## TASK DESCRIPTION
Within the records below, find the line with "20.1 | 2014 | |" and the line with "Harvest day was", then reproduce exactly those two lines and all lines between them, without any picture.
*** Opening THE DATA ***
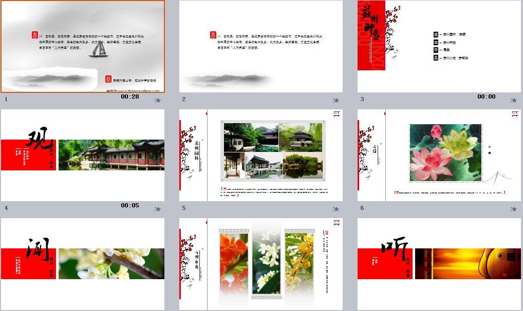 蘇州是中國首批24座國家歷史文化名城之一,有近2500年歷史,是吳文化的發(fā)祥地。蘇州人多屬江浙民系,使用吳語。蘇州園林是中國私家園林的代表,被聯(lián)合國教科文組織列為世界文化遺產。家佳樂文學小編為您帶來家佳樂文學蘇州印象PPT模板,適用于文化匯報、教育匯報、專業(yè)匯報等。
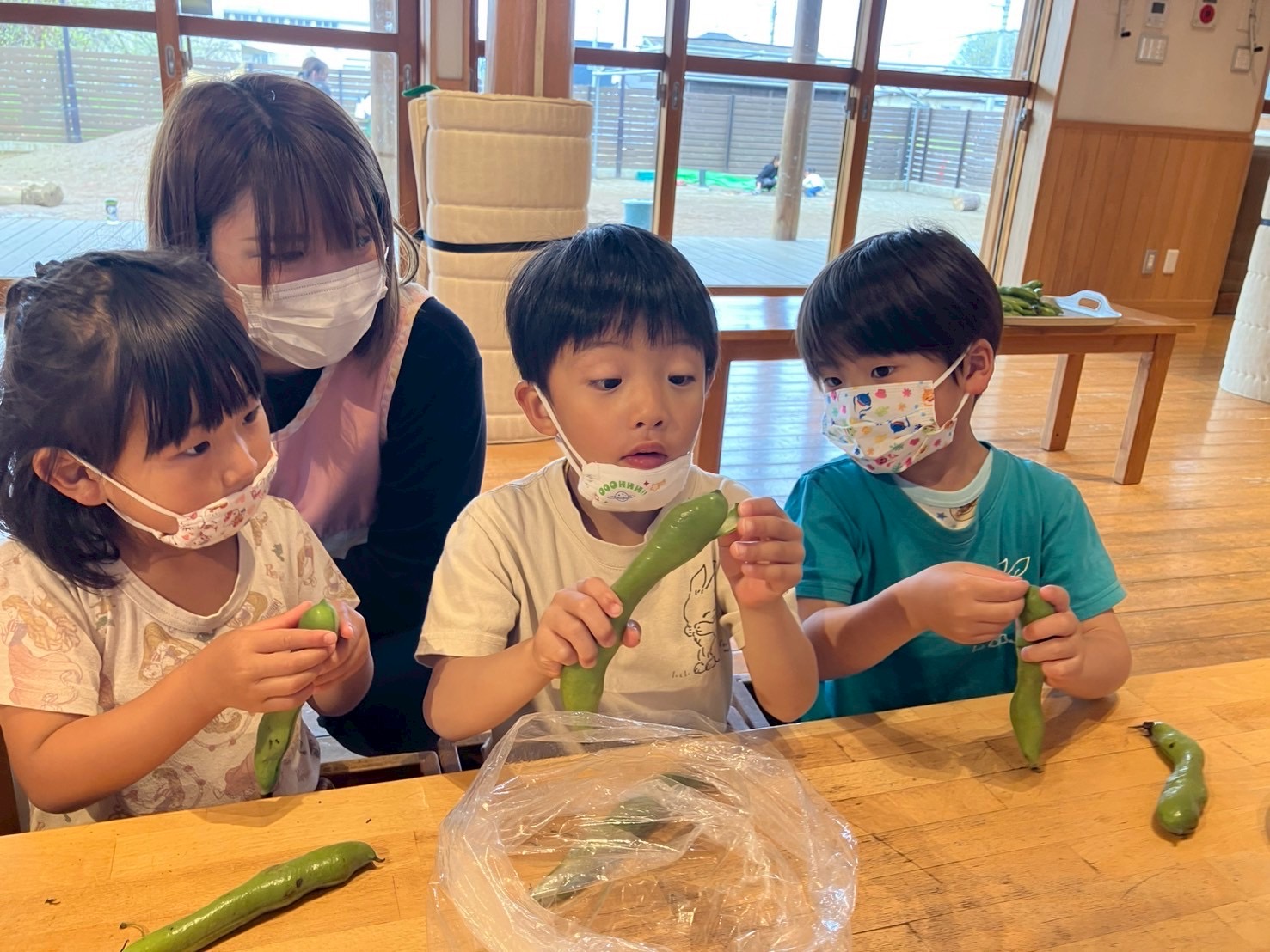 【写真は保護者の同意を得た上で掲載しています】 もれあ保育園では、毎月集中食育を行っております🍳 栄養士が計画し、子どもたちに食材に触れたり、野菜の皮剥きや、おやつ作りに取り組みます。 4月の食育はそら…
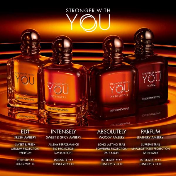 Emporio Armani's Stronger With You is a popular line of men's fragrances known for its warm, spicy, and gourmand DNA, centered around a signature sugar-coated chestnut accord. Launched in 2017, the collection is designed to represent modern love and confident elegance
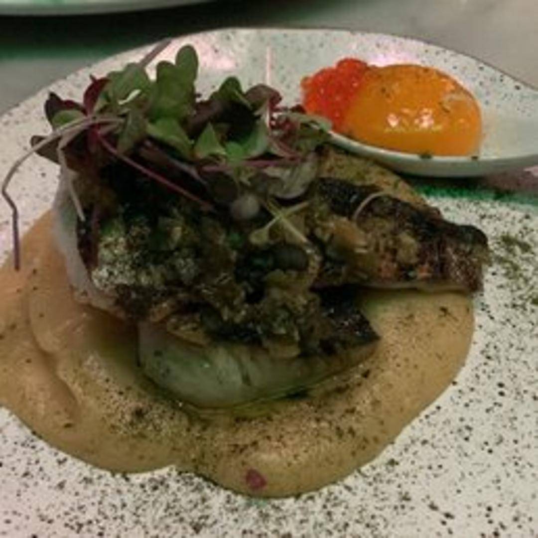 Slow-cooked char belly, roasted in a wood-fired oven for a smoky flavor and crispy skin. Served with complementary accompaniments that may include seasonal vegetables, flavorful sauces, and aromatic herbs. A rich and savory dish showcasing the char's natural textures and flavors.
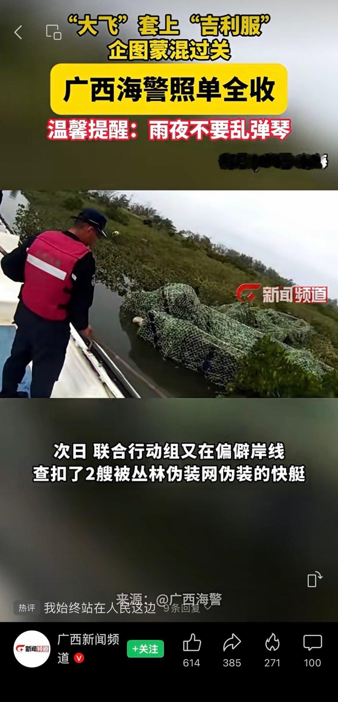 无人机破获大飞伪装隐蔽点广西海警温馨提示:雨夜不要乱弹琴甚至这条新闻的配乐就是雨夜钢琴
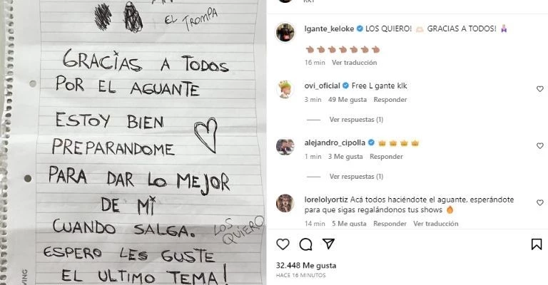 En el primer mensaje que mandó, L-Gante reveló: "Gracias a todos por el aguante. Estoy bien, preparándome para dar lo mejor de mí cuando salga. Espero que les guste el último tema. Se viene mucho más. Los quiero. Si no salgo ganando, prefiero no salir".
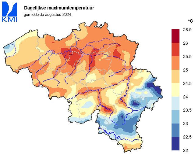 | Gemiddelde maximumtemperatuur | °C | 24.5 | 23 | 26.8 | 2022 | 20.1 | 2014 | |
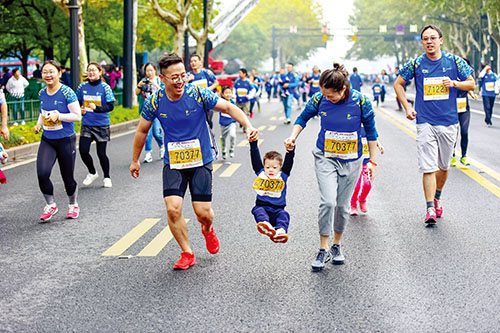 11月4日,多地舉辦馬拉松比賽,眾多長跑愛好者參與其中,享受運動帶來的快樂。圖為家長帶著孩子參加浙江杭州舉行的馬拉松比賽。據(jù)新華社 徐暉 攝
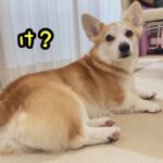 さて、コーギーむぎちゃんはアクロバティックな体勢がいいようです(/・ω・)/
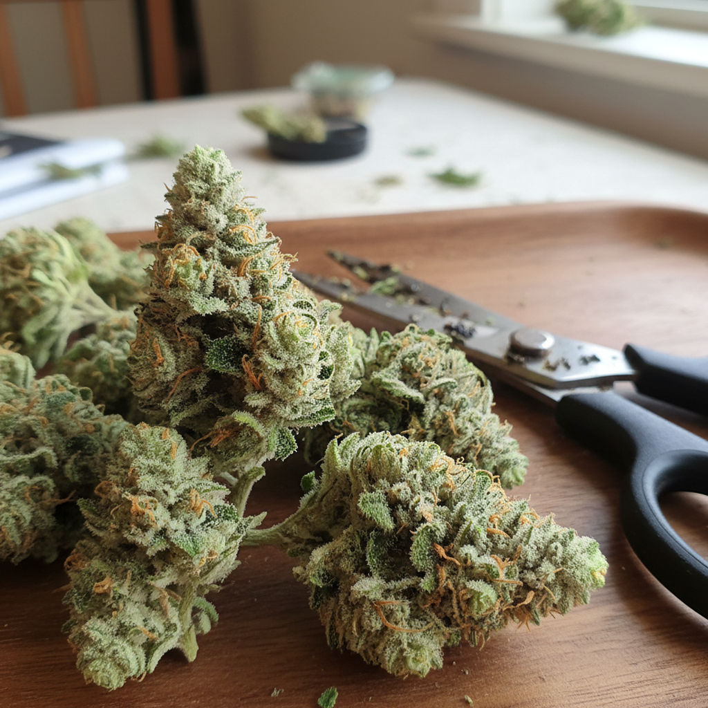 Harvest day was a sticky situation in the best way possible. My trimming scissors were glued shut with resin every ten minutes. The buds are dense, light green, and covered in bright orange hairs that contrast beautifully against the white frost.
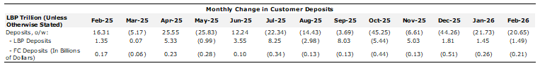On the funding side of the balance sheet, customer deposits dropped by 0.54% (LBP 42.38 trillion) by end of February 2026 to LBP 7,829.30 trillion with resident private sector deposits decreasing by 0.69% (LBP 40.64 trillion) to LBP 5,846.63 trillion, non-resident private sector deposits dropping by 0.28% (LBP 5.44 trillion) to LBP 1,910.79 trillion, and public sector deposits improving by 5.42% (LBP 3.69 trillion) to LBP 71.88 trillion. From a currency denomination standpoint, deposits in Lebanese Pounds inched downwards by 0.03% (LBP 0.04 trillion) YTD February to LBP 111.27 trillion and foreign currency deposits dropped by 0.55% ($0.47 billion) to $86.23 billion. On a monthly basis, LBP deposits decreased by LBP 1.49 trillion in February and FC deposits fell by $214.12 million. In this context, the deposit dollarization rate reached 98.58% at end of February 2026 in comparison with 98.59% at end of year 2025 and 98.89% at end of February 2025. On an annual basis, total customer deposits narrowed by 2.15% (LBP 172.18 trillion) from a reading of LBP 8,001.48 trillion at end of February 2025.
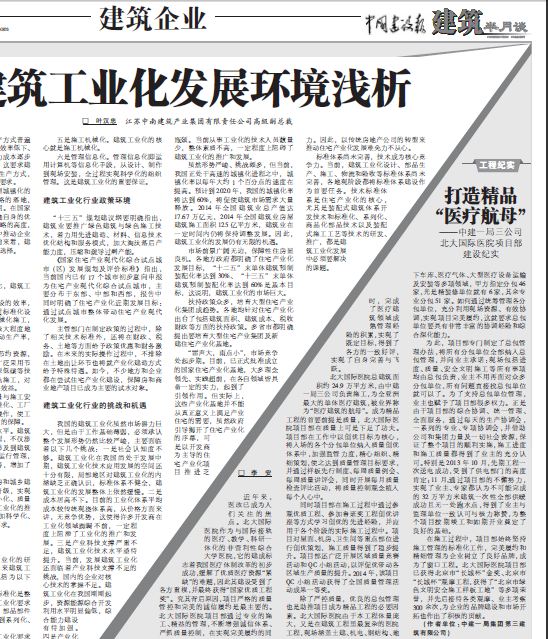 本网讯 12月29日,《中国建设报》刊登《打造精品“医疗航母”》一文,对三公司北大国际医院项目建设进行了报道,原文如下:
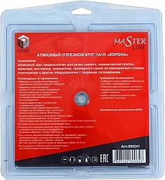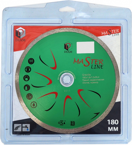 Алмазный отрезной круг Diam Master Line 1A1R Корона Granite 180 мм (Диам Мастер Лайн 1А1Р Корона Гранит 180 мм) – универсальный недорогой алмазный диск высокого качества со сплошной режущей кромкой для резки гранитной, мраморной и керамической плитки болгарками (ушм), штроборезами и плиткорезами электрическими с подачей воды.
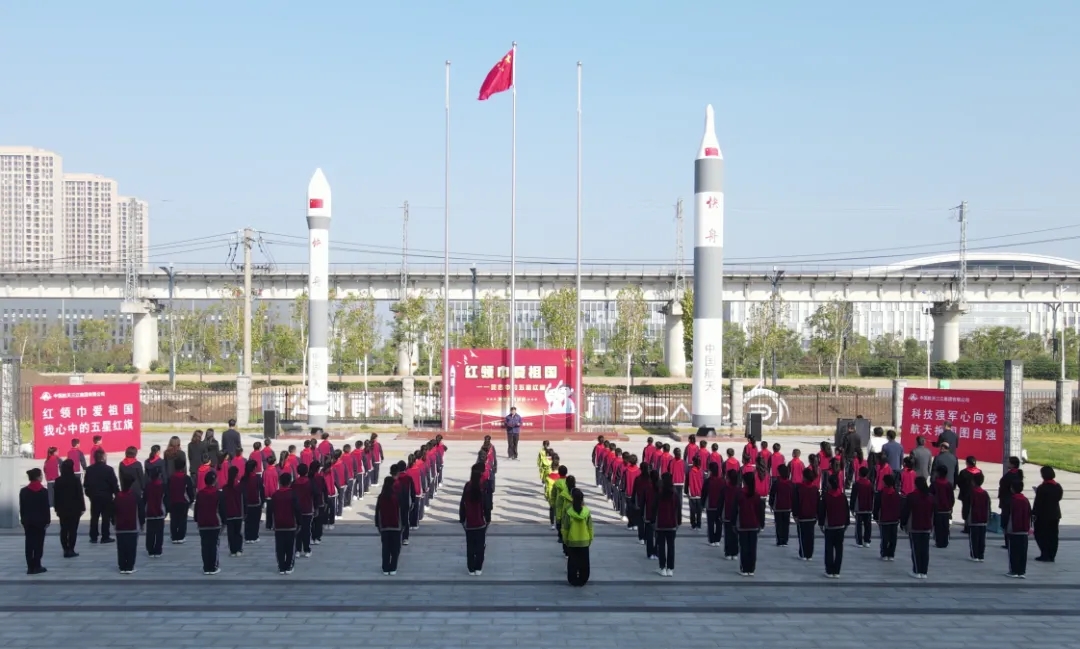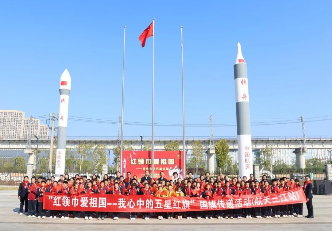 10月23日,由全國(guó)少工委聯(lián)合中國(guó)載人航天工程新聞宣傳辦公室舉辦的“紅領(lǐng)巾愛祖國(guó)——我心中的五星紅旗”國(guó)旗傳遞活動(dòng),在湖北武漢國(guó)家航天產(chǎn)業(yè)基地快舟火箭產(chǎn)業(yè)園舉行。共青團(tuán)湖北省委領(lǐng)導(dǎo)、湖北省少工委、共青團(tuán)武漢市委、武漢市新洲區(qū)、航天科工九院及所屬火箭公司等相關(guān)負(fù)責(zé)同志及代表,武漢市新洲區(qū)雙柳街中心小學(xué)、武漢市十一實(shí)驗(yàn)學(xué)校少先隊(duì)員、少先隊(duì)輔導(dǎo)員代表,共計(jì)100余人參加活動(dòng)。
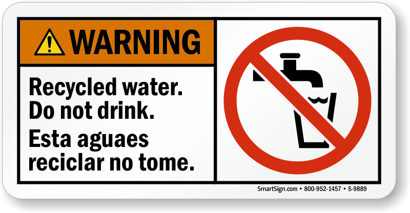 Use this bilingual warning sign to let people know about recycled water. People would stay far away if they knew what they were drinking. Though some might need a reminder not to actually drink the water.
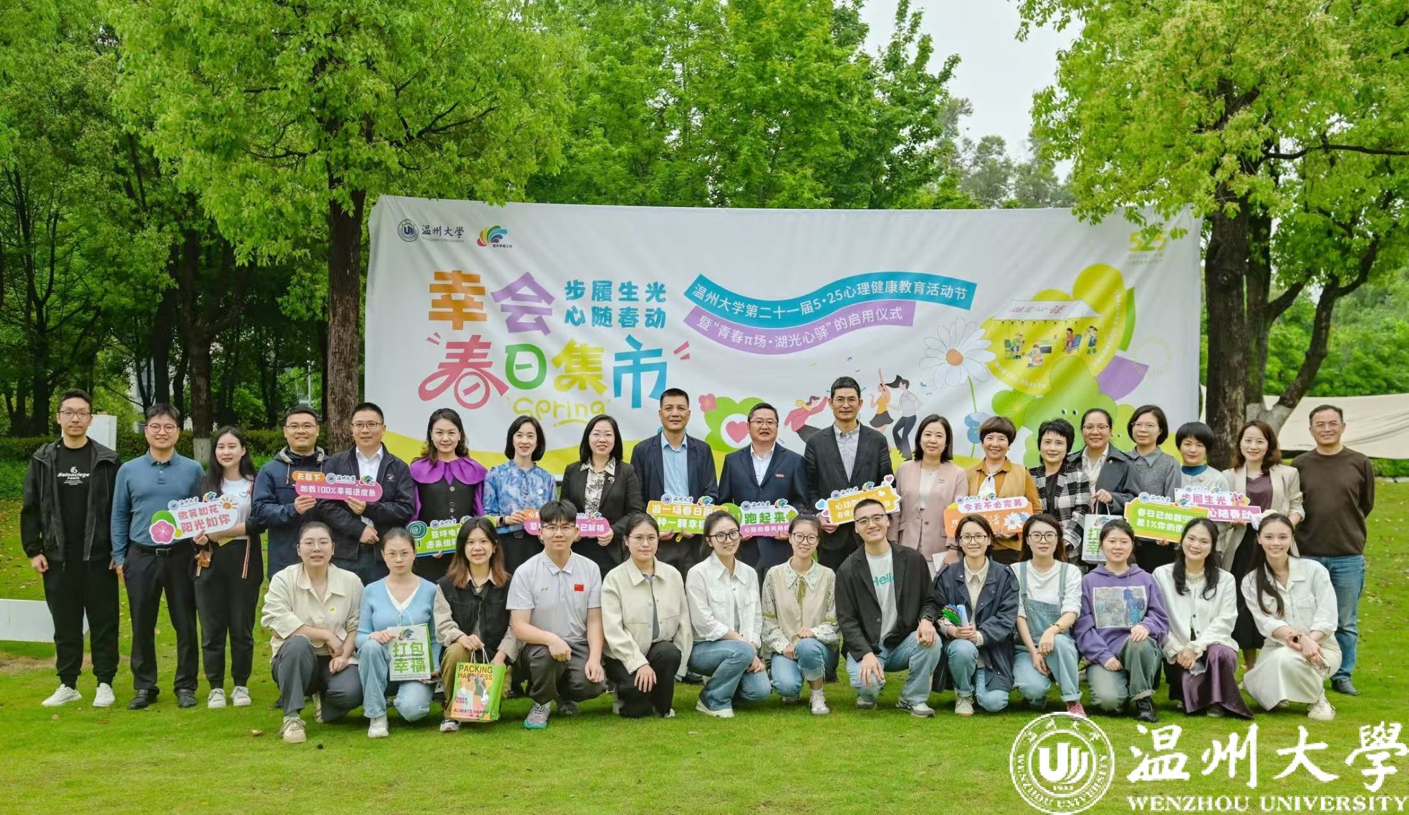 为打造开放自由的情感表达平台,营造积极健康的校园心理氛围,2025年4月23日15:00,温州大学第二十一届5·25心理健康教育活动节开幕式在南校区明心湖旁的“HELLO WZU”大草坪成功举行。本次活动由温州大学主办,致力于打破情感交流的藩篱,让学生能自由抒发情绪,进一步增强心理健康意识。
*** Closing THE DATA ***
## ANSWER SECTION
 | Gemiddelde maximumtemperatuur | °C | 24.5 | 23 | 26.8 | 2022 | 20.1 | 2014 | |
 11月4日,多地舉辦馬拉松比賽,眾多長跑愛好者參與其中,享受運動帶來的快樂。圖為家長帶著孩子參加浙江杭州舉行的馬拉松比賽。據(jù)新華社 徐暉 攝
 さて、コーギーむぎちゃんはアクロバティックな体勢がいいようです(/・ω・)/
 Harvest day was a sticky situation in the best way possible. My trimming scissors were glued shut with resin every ten minutes. The buds are dense, light green, and covered in bright orange hairs that contrast beautifully against the white frost.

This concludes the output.